Article

Backups with Standard UNIX Commands

R. King Ables

One of the most important duties of any system administrator is backing up system data. If any disaster strikes the computer and files are lost, they can be restored from the backup media. Your backup copy is like an insurance policy for the data your organization depends upon.

The original designers of UNIX did not need a particularly sophisticated backup utility since the original UNIX machines were mostly used for research and experimentation, not for production as they are today. The Computer Research Group at the University of California at Berkeley made the most significant contribution to UNIX backup utilities during that time when they included the dump(1) command in their distribution. Because it came with the operating system and provided most of the capabilities people needed, dump became very popular. It has been included in many other versions of UNIX, although sometimes not named dump. In USL's System V Release 4, for instance, it is called ufsdump, because it works with the Berkeley filesystem, known as ufs in SVR4. In IBM's AIX operating system, the dump program is called backup.

If you have a version of dump, you should read the article entitled "Dump and Restore" elsewhere in this issue. If your version of UNIX does not come with some version of dump, or you use a type of filesystem that it cannot backup, you must find another method of doing backups. Several software companies offer products to fill this need, but if you have a small shop run on a shoestring budget, you may not be able to afford such software. About the only option left to you is to use one of the utilities included in just about every version of UNIX, tar(1) or cpio(1). They may not be as fancy as commercial products or have as many options, but you will be able to backup your system, which, after all, is the major goal.

Backing up Files with tar

tar (standing for Tape ARchive) is really meant for putting a directory structure on a tape for transport to another site. This makes it good for doing a full backup, but not very good for doing incremental backups. While it is possible to use tar to do incremental dumps, the method is fairly convoluted and can fail depending on the number of files to be backed up and the size of the shell's command buffer. In general, don't use tar for incremental dumps. Use it only when you simply want to make a full copy of a directory hierarchy.

One advantage some versions of tar have is they can sense end of media on certain devices. For example, tar in AIX recognizes when the floppy device is full and prompts you for another floppy.

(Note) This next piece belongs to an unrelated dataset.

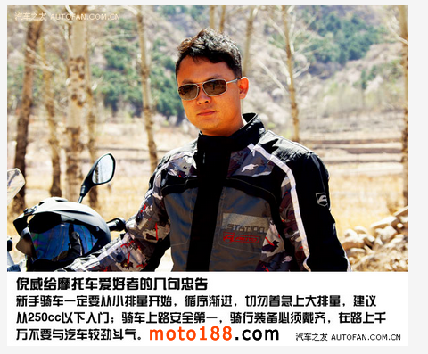 作為我們編輯部里唯一開車不被朱熙嫌慢的年輕人,王宇充分地詮釋了后生可畏這個詞匯的含義。他剛剛考下摩托車駕照,就躍躍欲試并滿懷激情地投身到我們的摩托車大聚會之中,竟看不出絲毫的膽怯和青澀。假以時日,當他練好本領,并能對摩托車的安全規則始終報以敬畏之心且嚴格遵守,我相信他必能成為一名技藝高超的摩托騎士。

Only a very small site or a home machine is a likely candidate for backing up onto floppy disks in the first place. But if that describes your system, tar may be more suitable.

One big disadvantage tar has when doing tape backup is that it exits when it encounters a bad spot on the tape, when writing, or worse, when reading. The data on the tape following the bad spot will be inaccessible. Programs have been written to skip past this spot and get other data from the tape, but it is better not to ask for the problem in the first place.

If you do select tar as your backup method, be sure to specify relative path names (such as ./etc) rather than absolute pathnames (like /etc). These pathnames are included in the tape headers and prevent you from restoring the files anywhere other than the same spot. In the case of a single file restore, you may wish to read the file off of the tape and compare it with the existing version before replacing it. Some versions of tar now allow you to override the absolute pathname with a relative pathname, but not all do, and if your version does not, you'll be stuck restoring the file wherever tar wants you to. [For example, SCO UNIX has a -A option that strips leading slashes, making absolute paths into relative paths, but SVR4 doesn't offer such an option. --lsr]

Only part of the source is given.